Automatic Storytelling from Data - Turn raw data into compelling business narratives
Project description
📊 DataStory - Automatic Storytelling from Data
Turn raw data into compelling business narratives automatically.
DataStory analyzes your datasets and generates full written reports with insights, trends, and recommendations - no LLMs needed, pure Python intelligence.
🚀 The Problem
- Dashboards don't explain insights - They show graphs, not stories
- People want narratives - Business stakeholders need context, not just charts
- Manual analysis takes time - Writing reports is tedious and repetitive
- Insights get lost - Important patterns buried in spreadsheets
💡 The Solution
DataStory automatically:
- ✅ Analyzes your data for trends, patterns, and anomalies
- ✅ Generates natural language business narratives
- ✅ Identifies risks and opportunities
- ✅ Provides actionable recommendations
- ✅ Exports to text, markdown, HTML, or PDF
All with a single line of code!
📦 Installation
pip install datastory
For full features (charts, Excel, PDF):
pip install datastory[full]
🎯 Quick Start
One-Line Magic
from datastory import narrate
report = narrate("sales.csv")
print(report)
Output:
📊 EXECUTIVE SUMMARY
==================================================
Analyzed 1,247 records across 8 dimensions.
🟡 3 high-priority insights identified.
Key Highlights:
1. Sales increased by 12.3% from $450,000 to $505,000.
2. Customer churn rose in April by 8.5%, requiring attention.
3. West Africa region dominates sales, accounting for 45.2% of revenue.
📈 KEY FINDINGS
==================================================
**Performance Trends:**
• Sales Shows Strong Growth: Sales increased by 12.3% from $450,000 to $505,000.
• Revenue per Customer Rising: Average order value grew by 15.7%.
**Notable Anomalies:**
• Unusual Values Detected in Order Quantity: Found 23 outliers (1.8% of data).
**Relationships Discovered:**
• Strong Positive Link: Marketing Spend and Revenue move together (correlation: 0.85).
🔍 DETAILED ANALYSIS
==================================================
**High-Priority Insights:**
🟡 Customer Churn Rising
Customer churn increased by 8.5% in April. This represents a significant concern.

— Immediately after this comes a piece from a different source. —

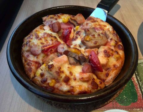入口在联达人人乐超市大门的右手边,吃饭的地方一般在二楼,一楼用于迎客、等位的。店内环境看着还是比较干净、整洁的,大桌、小桌都有。本来必胜客的环境比较适合闺蜜和情侣,这家虽然环境不错,但座位之间有点挤,还不是很私密,感觉有点向快餐发展的样子,不太喜欢。

🟡 Low Stock Risk: Product X
Minimum inventory is 12 units, significantly below average of 150. Consider restocking.
💡 RECOMMENDATIONS
==================================================
1. Investigate the decline in customer retention and implement recovery strategies
2. Capitalize on the growth in revenue per customer to maximize returns
3. Replenish product_x inventory to avoid stockouts
4. Review outliers in order quantity to identify root causes
5. Leverage identified relationships between metrics for predictive insights
==================================================
Report generated on December 03, 2025 at 1:20 PM
Powered by DataStory - Automatic Storytelling from Data
🔥 Key Features
1. Pure Python Intelligence
- No LLMs or AI APIs required
- Works offline
- Fast and deterministic
- Zero-cost analysis
2. Comprehensive Analysis
- Statistical summaries
- Trend detection
- Anomaly identification
- Correlation discovery
- Time series patterns
- Risk assessment
3. Natural Language Output
- Business-friendly narratives
- Context-aware descriptions
- Action-oriented recommendations
- Multiple detail levels
4. Flexible Export
from datastory import DataStory
story = DataStory()
story.load("data.csv")
# Export to different formats
story.export("report.txt", format="text")
story.export("report.md", format="markdown")
story.export("report.html", format="html", include_charts=True)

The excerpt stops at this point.